Speculation of sufficiently advanced future technologies is indistinguishable from magical thinking.
Unless there is scientific method in what you're doing, and unless you're producing something testable and testing it, you are certainly not in the reference class of scientists. Unless there is plenty of rigour, you are not in reference class of people using mathematical methods (even if you have formulas in your papers). Not up to grabs here either. Maybe the reference class is philosophers. If you wish, philosophers with PhD.
As they do tend to honestly make actual arguments rather than just try to manipulate for profit the people who already agree with core ideas, one can examine actual argumentation. Which is not very good. E.g. simulation argument of his looks watertight at first glance but is really reliant on assumption about physics (suppose MWI is correct, now the counting patently doesn't work for probabilities), and does not account for potentially enormous number of simulated beings that can easily tell their reality is simulated as the simulator cuts some corners. Typical example of philosophy, making arguments that seem true for mere lack of alternative propositions to made up assertions. You only spend time formalizing such stuff if you can't see that you are building false precision, making up far too many assumptions for the results to be meaningful in any way (in the field where intuition is unlikely to work, too). If you don't see that you are making a lot of extremely shaky assumptions when you are making a lot of extremely shaky assumptions, you'll be susceptible to generating false precision precisely as per Nick Szabo's article.
Their musings about singularity are in precise agreement with the hypothesis that at the current point in time it is early enough that the only people 'working' on this are those who for some reason fail to see when they aren't making progress. I'm pretty sure all this movement will look very silly in 100 years - there will be dangers they did not see and there won't be dangers they focused on.
suppose MWI is correct, now the counting patently doesn't work for probabilities
What is the correct counting for MWI, exactly?
does not account for potentially enormous number of simulated beings that can easily tell their reality is simulated as the simulator cuts some corners.
I think you are misunderstanding the SA, which is surprising since it's formally pretty simple.
The SA is a trilemma; finding evidence that strongly supports one leg of the trilemma is not a problem with the trilemma itself. It's just reasons for you to bite a particular bullet...
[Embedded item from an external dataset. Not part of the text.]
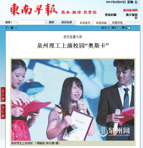 • 【东南早报】走红毯拿大奖 泉州理工上演校园“奥斯卡”
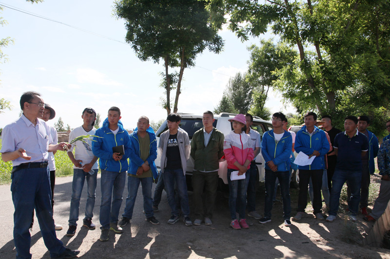 2017年張掖市多成農(nóng)業(yè)有限公司組織各部門員工對(duì)本年度生產(chǎn)基地長(zhǎng)勢(shì)進(jìn)行觀摩,并邀請(qǐng)市、區(qū)種子部門專家對(duì)田間長(zhǎng)勢(shì)、病蟲害進(jìn)行分析、查看。 苗期長(zhǎng)勢(shì)喜人~期待豐收! 專家為公司員工講解玉米蟲害。 專家對(duì)玉米病害進(jìn)行分析。 |

Nick Szabo on acting on extremely long odds with claimed high payoffs:
Beware of what I call Pascal's scams: movements or belief systems that ask you to hope for or worry about very improbable outcomes that could have very large positive or negative consequences. (The name comes of course from the infinite-reward Wager proposed by Pascal: these days the large-but-finite versions are far more pernicious). Naive expected value reasoning implies that they are worth the effort: if the odds are 1 in 1,000 that I could win $1 billion, and I am risk and time neutral, then I should expend up to nearly $1 million dollars worth of effort to gain this boon. The problems with these beliefs tend to be at least threefold, all stemming from the general uncertainty, i.e. the poor information or lack of information, from which we abstracted the low probability estimate in the first place: because in the messy real world the low probability estimate is almost always due to low or poor evidence rather than being a lottery with well-defined odds.
Nick clarifies in the comments that he is indeed talking about singularitarians, including his GMU colleague Robin Hanson. This post appears to revisit a comment on an earlier post:
In other words, just because one comes up with quasi-plausible catastrophic scenarios does not put the burden of proof on the skeptics to debunk them or else cough up substantial funds to supposedly combat these alleged threats.